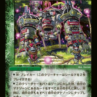 W・ブレイカー(このクリーチャーはシールドを2つブレイクする)このクリーチャーが攻撃する時、自分の山札の上から1枚目を表向きにする。そのカードが進化ではない無色クリーチャーなら出してもよい。
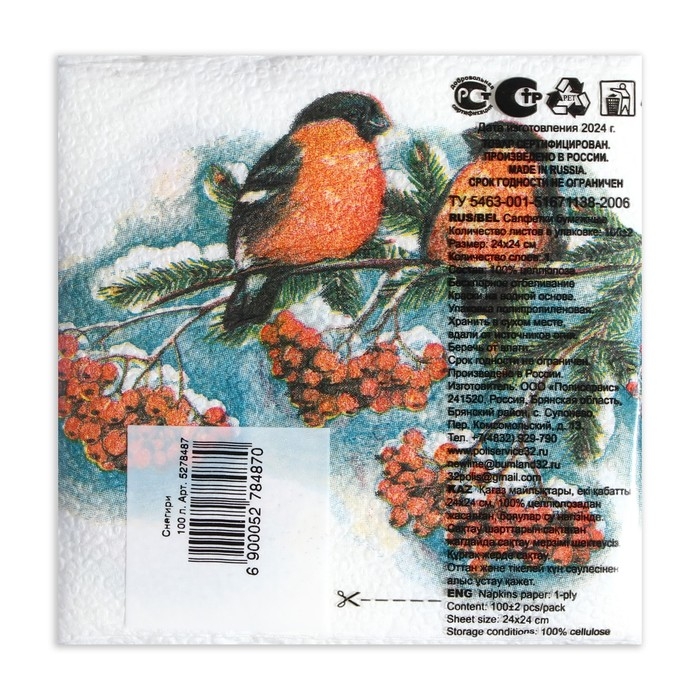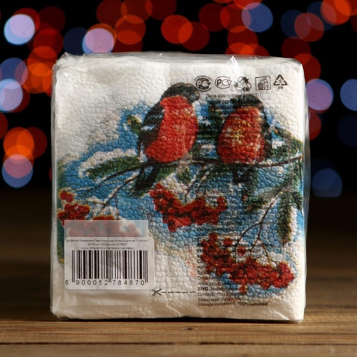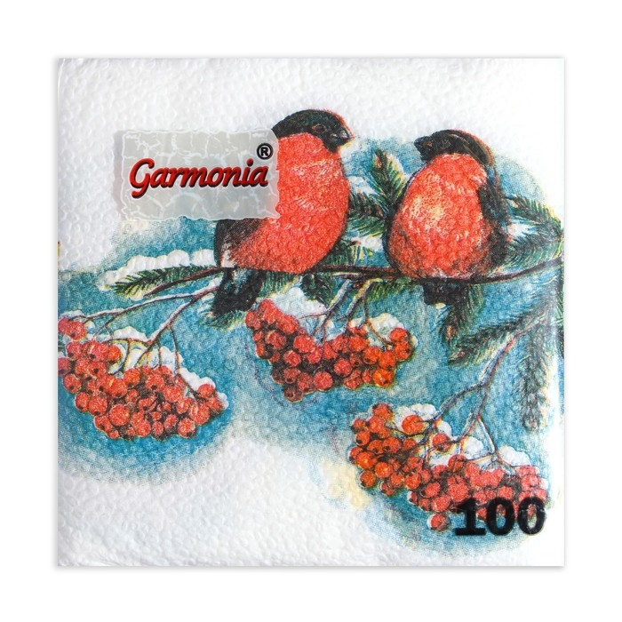Новогодние салфетки бумажные Гармония цвета «Снегири», 24х24 см, 100 шт
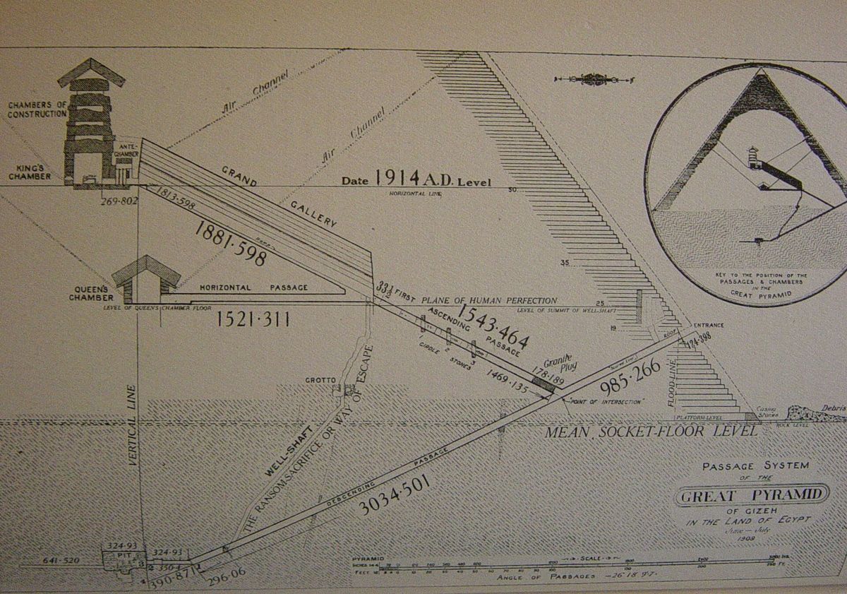 Když se vrátíme čtyři tisíce let zpět, zhruba do doby Abrahama, najdeme Velkou egyptskou pyramidu – předmět úžasu a údivu pro nejučenější vědce současnosti. Její konstrukce je v přesném souladu s nejpokročilejšími poznatky tohoto „věku mozku“ v matematice a astronomii. Učí s jistotou pravdám, které lze dnes odhadnout pouze přibližně pomocí moderních přístrojů. Její učení je tak pozoruhodné a jasné, že někteří z předních astronomů světa bez váhání prohlásili, že má božský původ. A i kdyby naši evolucionisté „věku mozku“ připustili, že má božské uspořádání a že její moudrost je nadlidská, musí stále připustit, že je lidské konstrukce. A skutečnost, že v té dávné době měla jakákoli skupina lidí mentální schopnost vypracovat takové božské uspořádání, jakého by dnes bylo schopno jen velmi málo lidí s modelem před sebou a se všemi moderními vědeckými přístroji k dispozici, dokazuje, že náš „věk mozku“ rozvíjí více domýšlivosti, než k čemu okolnosti a fakta opravňují.
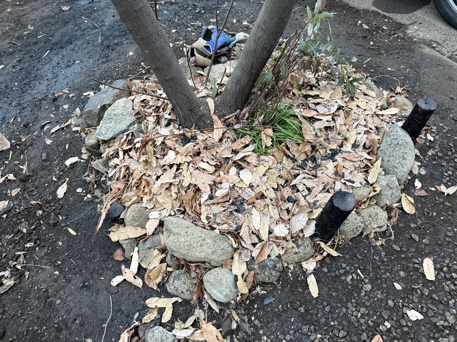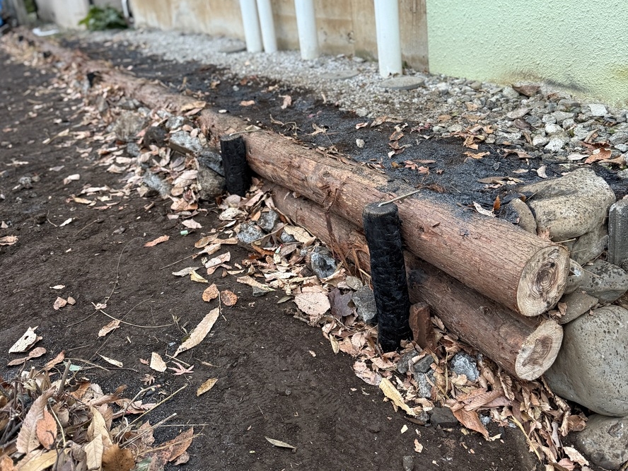 △ 作業後の様子。一部杭が見えたままになっているのは、工事車両が植栽帯に乗り込み過ぎないよう、目印としてあえて残した。

---------------

EXERCISE PROMPT - Write every line above again exactly, but leave the pictures out.

WRITTEN RESPONSE -
 W・ブレイカー(このクリーチャーはシールドを2つブレイクする)このクリーチャーが攻撃する時、自分の山札の上から1枚目を表向きにする。そのカードが進化ではない無色クリーチャーなら出してもよい。
Новогодние салфетки бумажные Гармония цвета «Снегири», 24х24 см, 100 шт
 Když se vrátíme čtyři tisíce let zpět, zhruba do doby Abrahama, najdeme Velkou egyptskou pyramidu – předmět úžasu a údivu pro nejučenější vědce současnosti. Její konstrukce je v přesném souladu s nejpokročilejšími poznatky tohoto „věku mozku“ v matematice a astronomii. Učí s jistotou pravdám, které lze dnes odhadnout pouze přibližně pomocí moderních přístrojů. Její učení je tak pozoruhodné a jasné, že někteří z předních astronomů světa bez váhání prohlásili, že má božský původ. A i kdyby naši evolucionisté „věku mozku“ připustili, že má božské uspořádání a že její moudrost je nadlidská, musí stále připustit, že je lidské konstrukce. A skutečnost, že v té dávné době měla jakákoli skupina lidí mentální schopnost vypracovat takové božské uspořádání, jakého by dnes bylo schopno jen velmi málo lidí s modelem před sebou a se všemi moderními vědeckými přístroji k dispozici, dokazuje, že náš „věk mozku“ rozvíjí více domýšlivosti, než k čemu okolnosti a fakta opravňují.
 △ 作業後の様子。一部杭が見えたままになっているのは、工事車両が植栽帯に乗り込み過ぎないよう、目印としてあえて残した。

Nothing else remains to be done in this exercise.